**WHAT IS NEEDED:**
All of the lines below need to be copied exactly, apart from the pictures.

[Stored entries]
--

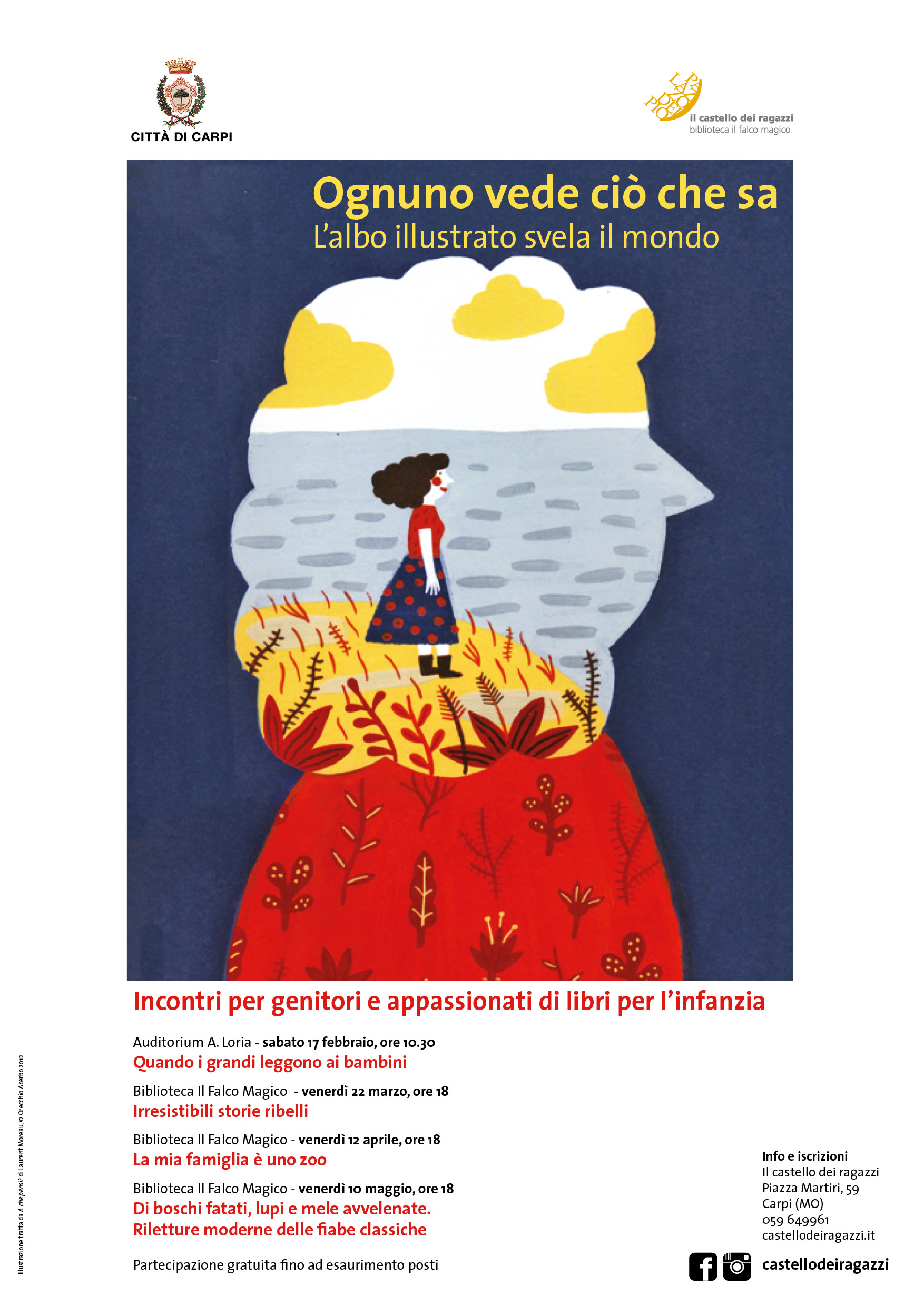 Biblioteca ragazzi Il Falco Magico Irresistibili storie ribelli Storie anticonvenzionali, irriverenti, sfacciate; a volte, disdicevoli; per alcuni, sbagliate. Narrazioni che vanno contro la morale, la buona educazione e le regole ma che, proprio per questo, piacciono tanto ai bambini. I protagonisti mettono in opera egoismi, bugie, contraddizioni e pregiudizi stando sempre in equilibrio tra ironia e irriverenza, perché ‘riderci sopra’ è liberatorio e catartico. venerdì 12 aprile, ore 18.00 La mia famiglia è uno zoo Narrare di famiglie significa narrare di un mondo variegato, ricco e complesso, popolato di parenti, amici e…animali. Gli albi raccontano di genitori amorevoli o inadeguati, partecipi o assenti ma anche di famiglie multiformi e mutanti entro cui si radica la nostra esistenza e che costituiscono il luogo profondo della nostra anima. venerdì 10 maggio, ore 18.00 Di boschi fatati, lupi e mele avvelenate. Riletture moderne delle fiabe classiche Le fiabe hanno ancora molto da raccontare, per questo diversi scrittori ci hanno regalato rivisitazioni e riletture delle versioni classiche. Troviamo capovolgimenti di ruoli, ribaltamento dei punti di vista, inconsuete invenzioni narrative e cambiamenti di trama che suggeriscono ed esplicitano significati insoliti, capaci di generare nei lettori nuove emozioni. |
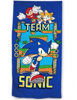 Prosop plaja, Sonic Team, dimensiuni 140 x 70 cm, microfibra (100% poliester), multicolor, imprimeu Sonic. Knuckles si Tails.
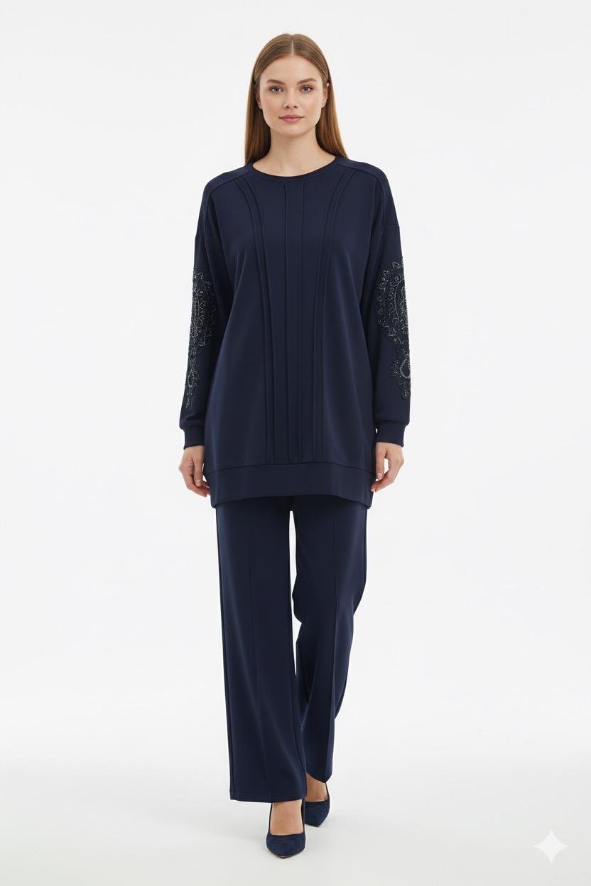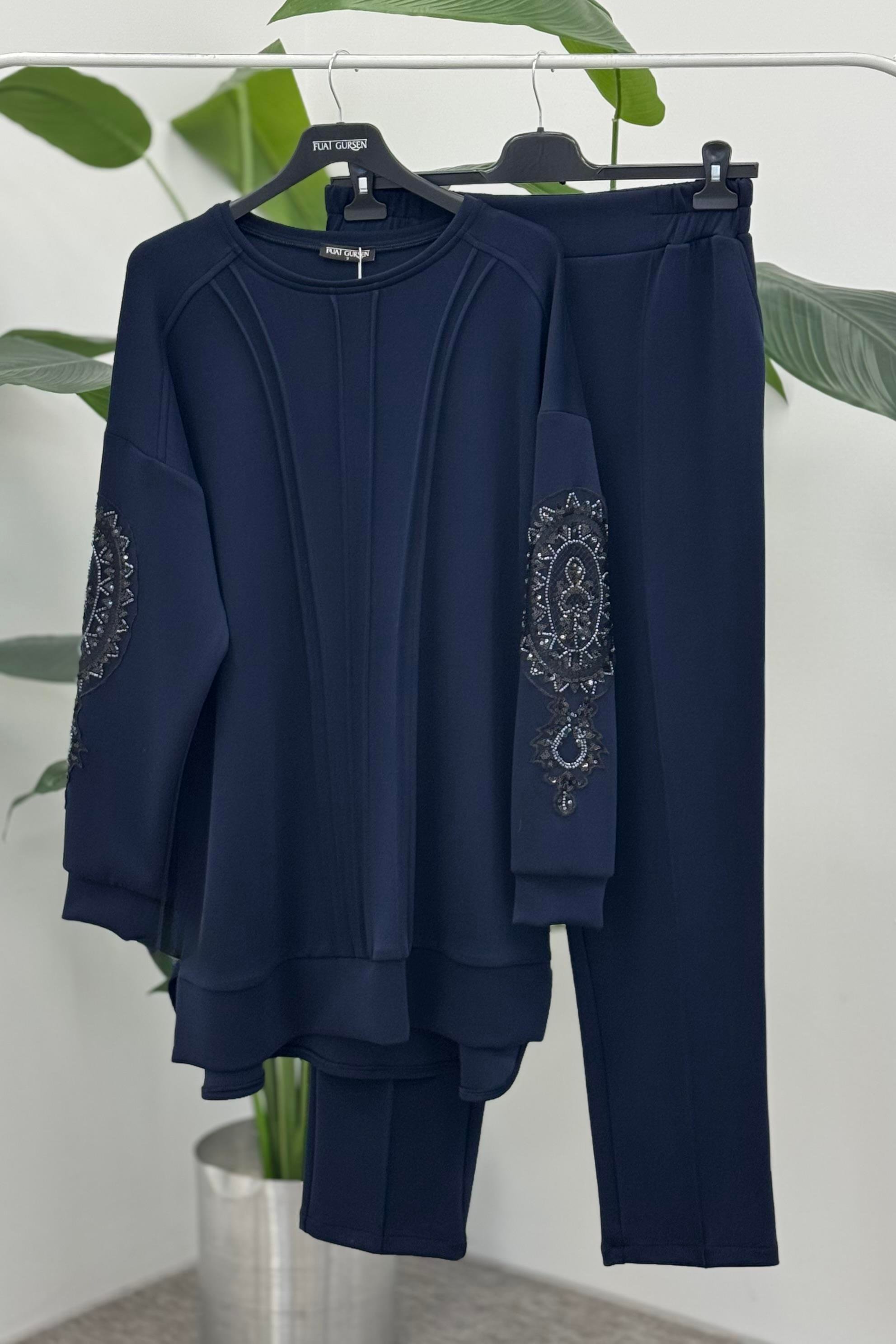 Fuat Gürşen 4339 Kolları İşlemeli Pantolonlu Takım - Lacivert (350310917)
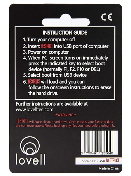 - DESTRUCT USB Gadget - Military Grade Hard Drive Wiper - Permanently Erase All Data on PC and Laptops Before Selling provides reliable performance and quality- Military Grade Destruction- Completely erase your hard drive- Easy to Use- Sell your PC without worrying about your Data
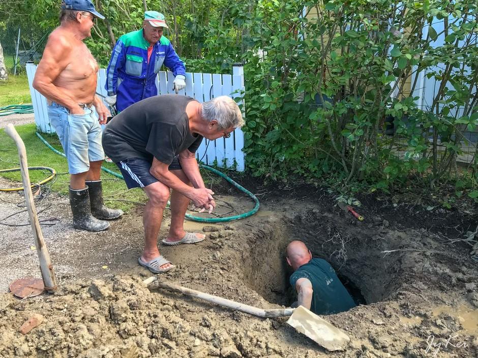 Heinäkuun lopulla joutuivat kaivinkone ja ahkerat miehet vielä hommiin. Taas putkirikko!
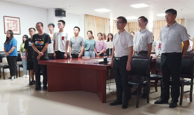 升国旗仪式结束后,文公司党委中心组成员杨克非书记、余劲东副经理、胡世先副书记、陈娟老师、徐东老师陪同假期留校的员工党员、入党积极分子、员工干部代表和2019级新生分别于东、西校区观看国庆阅兵仪式。当五星红旗在天安门广场上再次升起之时,全场师生情不自禁的再次起立,高唱国歌,表达对祖国母亲的深情与热爱。
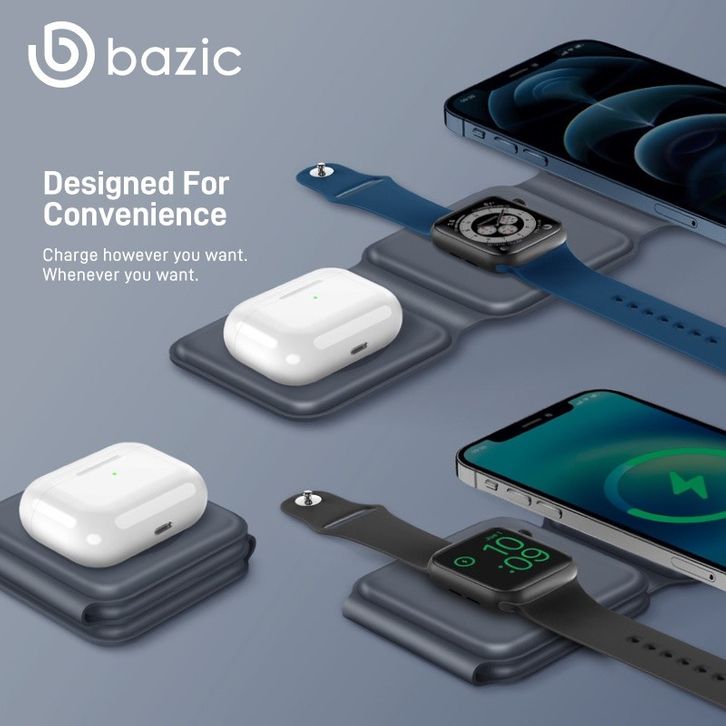 Foldable Magnetic MagSafe Wireless Charger 3-in-1 BAZIC GoMag Trio Plus

--

**WRITTEN ANSWER:**
 Biblioteca ragazzi Il Falco Magico Irresistibili storie ribelli Storie anticonvenzionali, irriverenti, sfacciate; a volte, disdicevoli; per alcuni, sbagliate. Narrazioni che vanno contro la morale, la buona educazione e le regole ma che, proprio per questo, piacciono tanto ai bambini. I protagonisti mettono in opera egoismi, bugie, contraddizioni e pregiudizi stando sempre in equilibrio tra ironia e irriverenza, perché ‘riderci sopra’ è liberatorio e catartico. venerdì 12 aprile, ore 18.00 La mia famiglia è uno zoo Narrare di famiglie significa narrare di un mondo variegato, ricco e complesso, popolato di parenti, amici e…animali. Gli albi raccontano di genitori amorevoli o inadeguati, partecipi o assenti ma anche di famiglie multiformi e mutanti entro cui si radica la nostra esistenza e che costituiscono il luogo profondo della nostra anima. venerdì 10 maggio, ore 18.00 Di boschi fatati, lupi e mele avvelenate. Riletture moderne delle fiabe classiche Le fiabe hanno ancora molto da raccontare, per questo diversi scrittori ci hanno regalato rivisitazioni e riletture delle versioni classiche. Troviamo capovolgimenti di ruoli, ribaltamento dei punti di vista, inconsuete invenzioni narrative e cambiamenti di trama che suggeriscono ed esplicitano significati insoliti, capaci di generare nei lettori nuove emozioni. |
 Prosop plaja, Sonic Team, dimensiuni 140 x 70 cm, microfibra (100% poliester), multicolor, imprimeu Sonic. Knuckles si Tails.
 Fuat Gürşen 4339 Kolları İşlemeli Pantolonlu Takım - Lacivert (350310917)
 - DESTRUCT USB Gadget - Military Grade Hard Drive Wiper - Permanently Erase All Data on PC and Laptops Before Selling provides reliable performance and quality- Military Grade Destruction- Completely erase your hard drive- Easy to Use- Sell your PC without worrying about your Data
 Heinäkuun lopulla joutuivat kaivinkone ja ahkerat miehet vielä hommiin. Taas putkirikko!
 升国旗仪式结束后,文公司党委中心组成员杨克非书记、余劲东副经理、胡世先副书记、陈娟老师、徐东老师陪同假期留校的员工党员、入党积极分子、员工干部代表和2019级新生分别于东、西校区观看国庆阅兵仪式。当五星红旗在天安门广场上再次升起之时,全场师生情不自禁的再次起立,高唱国歌,表达对祖国母亲的深情与热爱。
 Foldable Magnetic MagSafe Wireless Charger 3-in-1 BAZIC GoMag Trio Plus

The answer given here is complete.